(Data records)

---*---

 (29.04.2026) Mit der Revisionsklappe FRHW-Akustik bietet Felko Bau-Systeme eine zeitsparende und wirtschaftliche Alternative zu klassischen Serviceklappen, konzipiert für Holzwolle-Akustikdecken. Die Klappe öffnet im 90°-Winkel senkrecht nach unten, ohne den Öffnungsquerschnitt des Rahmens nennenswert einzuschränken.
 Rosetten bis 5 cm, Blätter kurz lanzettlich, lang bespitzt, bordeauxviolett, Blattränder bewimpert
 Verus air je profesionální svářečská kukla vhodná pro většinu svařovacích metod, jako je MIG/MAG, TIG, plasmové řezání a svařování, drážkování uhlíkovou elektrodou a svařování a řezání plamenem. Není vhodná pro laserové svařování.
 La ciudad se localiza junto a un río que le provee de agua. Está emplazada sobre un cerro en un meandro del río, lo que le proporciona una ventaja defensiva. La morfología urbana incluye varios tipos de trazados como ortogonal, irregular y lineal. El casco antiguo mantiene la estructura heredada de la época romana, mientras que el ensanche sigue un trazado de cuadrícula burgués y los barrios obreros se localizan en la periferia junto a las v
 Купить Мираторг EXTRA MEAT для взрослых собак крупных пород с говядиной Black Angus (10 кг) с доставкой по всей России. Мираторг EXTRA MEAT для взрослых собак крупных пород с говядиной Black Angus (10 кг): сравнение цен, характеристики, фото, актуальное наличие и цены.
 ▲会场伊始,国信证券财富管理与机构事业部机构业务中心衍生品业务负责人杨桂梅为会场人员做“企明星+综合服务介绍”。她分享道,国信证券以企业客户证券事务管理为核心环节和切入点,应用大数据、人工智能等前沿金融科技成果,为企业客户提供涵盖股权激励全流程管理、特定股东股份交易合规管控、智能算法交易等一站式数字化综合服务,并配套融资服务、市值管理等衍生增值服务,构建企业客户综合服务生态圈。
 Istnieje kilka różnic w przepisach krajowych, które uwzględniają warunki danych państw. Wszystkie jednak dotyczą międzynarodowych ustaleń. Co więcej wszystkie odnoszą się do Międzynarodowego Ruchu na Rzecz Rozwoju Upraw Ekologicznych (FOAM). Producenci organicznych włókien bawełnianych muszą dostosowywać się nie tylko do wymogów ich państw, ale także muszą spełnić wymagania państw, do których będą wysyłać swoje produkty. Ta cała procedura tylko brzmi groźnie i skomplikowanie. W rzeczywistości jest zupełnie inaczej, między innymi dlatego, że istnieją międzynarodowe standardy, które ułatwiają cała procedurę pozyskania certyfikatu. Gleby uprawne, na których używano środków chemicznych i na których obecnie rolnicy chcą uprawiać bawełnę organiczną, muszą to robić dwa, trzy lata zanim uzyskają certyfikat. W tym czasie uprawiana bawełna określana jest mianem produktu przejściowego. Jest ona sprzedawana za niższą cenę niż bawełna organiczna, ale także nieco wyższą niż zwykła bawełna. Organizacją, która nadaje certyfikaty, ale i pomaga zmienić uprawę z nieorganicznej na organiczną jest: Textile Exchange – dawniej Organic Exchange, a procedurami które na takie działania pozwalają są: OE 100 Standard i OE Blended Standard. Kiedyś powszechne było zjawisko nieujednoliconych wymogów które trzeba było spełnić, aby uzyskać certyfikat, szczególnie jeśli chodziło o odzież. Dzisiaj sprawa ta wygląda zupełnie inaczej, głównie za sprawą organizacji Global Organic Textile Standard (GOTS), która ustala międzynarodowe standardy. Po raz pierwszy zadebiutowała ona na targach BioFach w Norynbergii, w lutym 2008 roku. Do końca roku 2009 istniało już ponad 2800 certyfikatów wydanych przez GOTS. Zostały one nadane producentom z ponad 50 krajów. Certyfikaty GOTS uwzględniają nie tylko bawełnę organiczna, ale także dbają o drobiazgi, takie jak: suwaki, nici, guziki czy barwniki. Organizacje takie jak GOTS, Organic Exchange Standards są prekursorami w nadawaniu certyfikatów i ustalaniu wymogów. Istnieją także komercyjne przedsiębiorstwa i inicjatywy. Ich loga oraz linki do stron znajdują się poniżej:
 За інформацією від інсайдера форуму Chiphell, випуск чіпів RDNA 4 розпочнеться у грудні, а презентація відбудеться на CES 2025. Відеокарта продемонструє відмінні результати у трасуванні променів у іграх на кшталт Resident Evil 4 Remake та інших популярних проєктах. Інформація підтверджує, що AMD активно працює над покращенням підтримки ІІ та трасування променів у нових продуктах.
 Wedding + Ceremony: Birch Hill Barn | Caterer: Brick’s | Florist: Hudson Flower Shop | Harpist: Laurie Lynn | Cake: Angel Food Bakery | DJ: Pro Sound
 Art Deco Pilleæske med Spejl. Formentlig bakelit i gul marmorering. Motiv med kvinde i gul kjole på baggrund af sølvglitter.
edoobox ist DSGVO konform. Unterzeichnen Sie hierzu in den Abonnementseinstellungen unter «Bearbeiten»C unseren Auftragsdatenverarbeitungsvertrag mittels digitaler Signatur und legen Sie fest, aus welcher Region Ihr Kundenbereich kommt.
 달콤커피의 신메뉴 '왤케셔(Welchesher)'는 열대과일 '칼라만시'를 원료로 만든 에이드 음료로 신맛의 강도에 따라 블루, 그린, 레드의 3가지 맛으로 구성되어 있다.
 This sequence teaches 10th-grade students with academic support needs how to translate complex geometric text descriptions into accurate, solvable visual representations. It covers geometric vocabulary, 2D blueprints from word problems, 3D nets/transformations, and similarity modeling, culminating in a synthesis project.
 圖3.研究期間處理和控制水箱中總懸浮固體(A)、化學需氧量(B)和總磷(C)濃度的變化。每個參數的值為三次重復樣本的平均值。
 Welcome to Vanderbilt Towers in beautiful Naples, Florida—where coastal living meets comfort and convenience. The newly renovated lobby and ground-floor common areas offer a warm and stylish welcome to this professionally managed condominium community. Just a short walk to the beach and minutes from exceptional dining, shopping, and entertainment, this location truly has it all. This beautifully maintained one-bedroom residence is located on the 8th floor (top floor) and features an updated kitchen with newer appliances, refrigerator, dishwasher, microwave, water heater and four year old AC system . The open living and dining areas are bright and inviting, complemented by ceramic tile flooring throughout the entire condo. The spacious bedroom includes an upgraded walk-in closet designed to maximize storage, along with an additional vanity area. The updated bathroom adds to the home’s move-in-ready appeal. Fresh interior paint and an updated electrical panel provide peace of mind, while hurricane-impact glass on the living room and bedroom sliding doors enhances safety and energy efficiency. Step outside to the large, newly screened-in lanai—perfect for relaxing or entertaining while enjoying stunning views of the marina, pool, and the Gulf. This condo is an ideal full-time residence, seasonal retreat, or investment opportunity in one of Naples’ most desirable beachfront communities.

---*---

**WHAT THE TASK REQUIRES**:
Please copy every line of the records above in which "with" appears.

**SOLUTION TO THIS PROBLEM**:
 This sequence teaches 10th-grade students with academic support needs how to translate complex geometric text descriptions into accurate, solvable visual representations. It covers geometric vocabulary, 2D blueprints from word problems, 3D nets/transformations, and similarity modeling, culminating in a synthesis project.
 Welcome to Vanderbilt Towers in beautiful Naples, Florida—where coastal living meets comfort and convenience. The newly renovated lobby and ground-floor common areas offer a warm and stylish welcome to this professionally managed condominium community. Just a short walk to the beach and minutes from exceptional dining, shopping, and entertainment, this location truly has it all. This beautifully maintained one-bedroom residence is located on the 8th floor (top floor) and features an updated kitchen with newer appliances, refrigerator, dishwasher, microwave, water heater and four year old AC system . The open living and dining areas are bright and inviting, complemented by ceramic tile flooring throughout the entire condo. The spacious bedroom includes an upgraded walk-in closet designed to maximize storage, along with an additional vanity area. The updated bathroom adds to the home’s move-in-ready appeal. Fresh interior paint and an updated electrical panel provide peace of mind, while hurricane-impact glass on the living room and bedroom sliding doors enhances safety and energy efficiency. Step outside to the large, newly screened-in lanai—perfect for relaxing or entertaining while enjoying stunning views of the marina, pool, and the Gulf. This condo is an ideal full-time residence, seasonal retreat, or investment opportunity in one of Naples’ most desirable beachfront communities.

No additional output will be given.